EXERCISE DETAILS — Copy out the data word for word. The images are not part of the copy.

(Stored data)
- - - - - - -

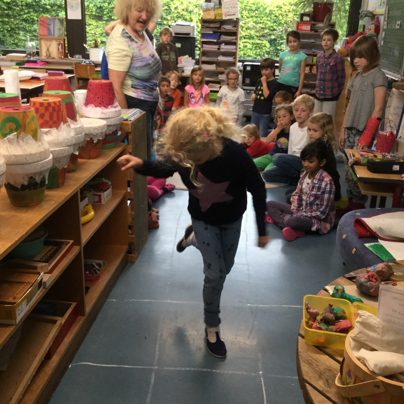 Wir lernten das Spiel Kästchen hüpfen. Zuerst muss ein Stein geworfen werden. Dann hüpft man los und nennt die Wochentage der Reihe nach, auf dem Sonntag Feld darf man sich ausruhen. Du darfst die ganze Zeit nur auf einem Bein hüpfen. Wenn du bei dem Stein angekommen bist, musst du diesen mit einer Hand aufheben und dabei weiter auf einem Bein stehen. Dann gehts zurück. Es war Regenwetter also haben wir im Klassenzimmer gespielt. Danach haben wir es im Pausenhof ausprobiert. Man kann das zu zweit oder auch zu mehr Kindern spielen.
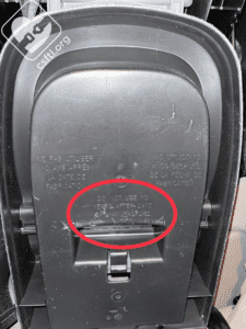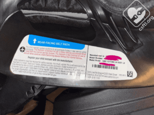 The date of manufacture label is located on the shell of the seat, near the child’s left hip.
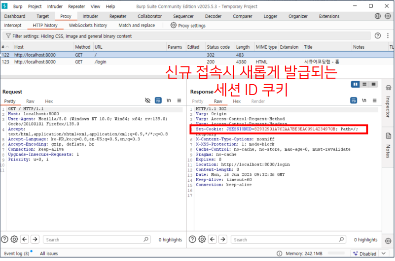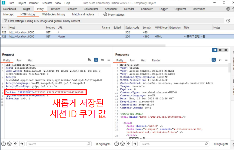 - 하단에 HTTP Response 내용 확인 - Set-Cookie 헤더에, 새로운 세션 ID 값 확인
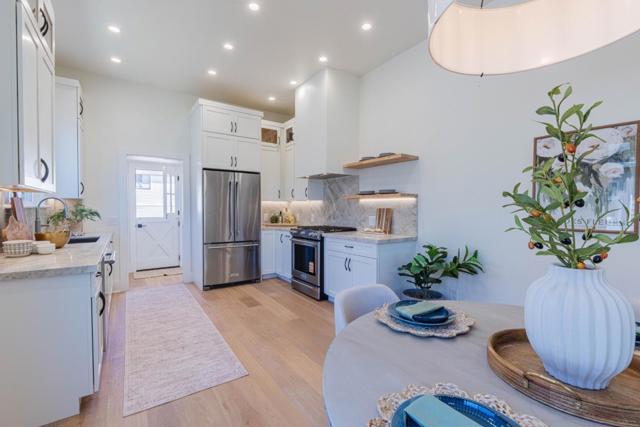 Welcome to this charming, turnkey, fully remodeled Monterey home offering comfortable and convenient living just blocks from the beach, walking trails, and downtown amenities. This lovely 2-bedroom, 2-bath residence is filled with character and thoughtful upgrades throughout. The brand-new kitchen is beautifully appointed with quartzite countertops, gas range, dishwasher, refrigerator, & pantry, making it a wonderful space for everyday living and entertaining. The kitchen opens to the family room/dinning room, creating a cozy and functional gathering space with an unexpectedly spacious feel thanks to the soaring ceilings. Beautiful real hardwood flooring runs throughout the home, adding warmth and timeless style. Situated on a large lot, the property offers plenty of off-street parking and includes plans and permits ready for a future single-car garage. The large backyard is ready for family gatherings, celebrations, or simply enjoying the Monterey lifestyle. Located just minutes from famous Fishermans Wharf, you can pick up fresh seafood to cook at home or grab something to go. With its stunning renovation, attention to detail, and prime Monterey location, this delightful home is ready to be enjoyed. A walk-in basement provides additional storage.
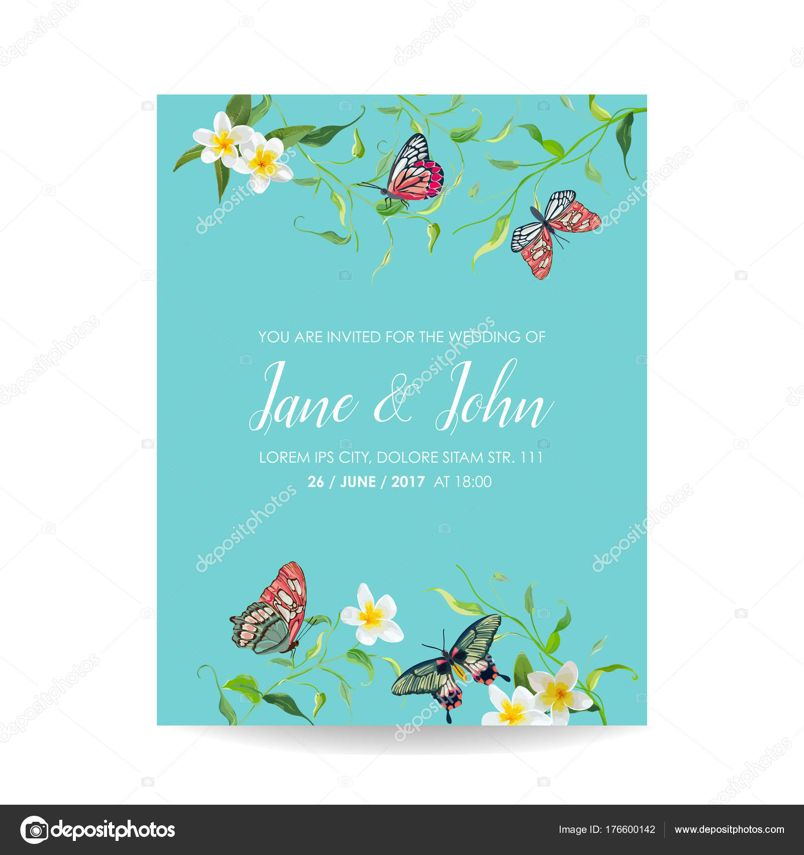 Wedding Invitation Template Tropical Design With Exotic Butterflies And Flowers Save The Date Floral Card Vector Illustration Stock Vector C Woodhouse 176600142

- - - - - - -

WRITTEN ANSWER —
 Wir lernten das Spiel Kästchen hüpfen. Zuerst muss ein Stein geworfen werden. Dann hüpft man los und nennt die Wochentage der Reihe nach, auf dem Sonntag Feld darf man sich ausruhen. Du darfst die ganze Zeit nur auf einem Bein hüpfen. Wenn du bei dem Stein angekommen bist, musst du diesen mit einer Hand aufheben und dabei weiter auf einem Bein stehen. Dann gehts zurück. Es war Regenwetter also haben wir im Klassenzimmer gespielt. Danach haben wir es im Pausenhof ausprobiert. Man kann das zu zweit oder auch zu mehr Kindern spielen.
 The date of manufacture label is located on the shell of the seat, near the child’s left hip.
 - 하단에 HTTP Response 내용 확인 - Set-Cookie 헤더에, 새로운 세션 ID 값 확인
 Welcome to this charming, turnkey, fully remodeled Monterey home offering comfortable and convenient living just blocks from the beach, walking trails, and downtown amenities. This lovely 2-bedroom, 2-bath residence is filled with character and thoughtful upgrades throughout. The brand-new kitchen is beautifully appointed with quartzite countertops, gas range, dishwasher, refrigerator, & pantry, making it a wonderful space for everyday living and entertaining. The kitchen opens to the family room/dinning room, creating a cozy and functional gathering space with an unexpectedly spacious feel thanks to the soaring ceilings. Beautiful real hardwood flooring runs throughout the home, adding warmth and timeless style. Situated on a large lot, the property offers plenty of off-street parking and includes plans and permits ready for a future single-car garage. The large backyard is ready for family gatherings, celebrations, or simply enjoying the Monterey lifestyle. Located just minutes from famous Fishermans Wharf, you can pick up fresh seafood to cook at home or grab something to go. With its stunning renovation, attention to detail, and prime Monterey location, this delightful home is ready to be enjoyed. A walk-in basement provides additional storage.
 Wedding Invitation Template Tropical Design With Exotic Butterflies And Flowers Save The Date Floral Card Vector Illustration Stock Vector C Woodhouse 176600142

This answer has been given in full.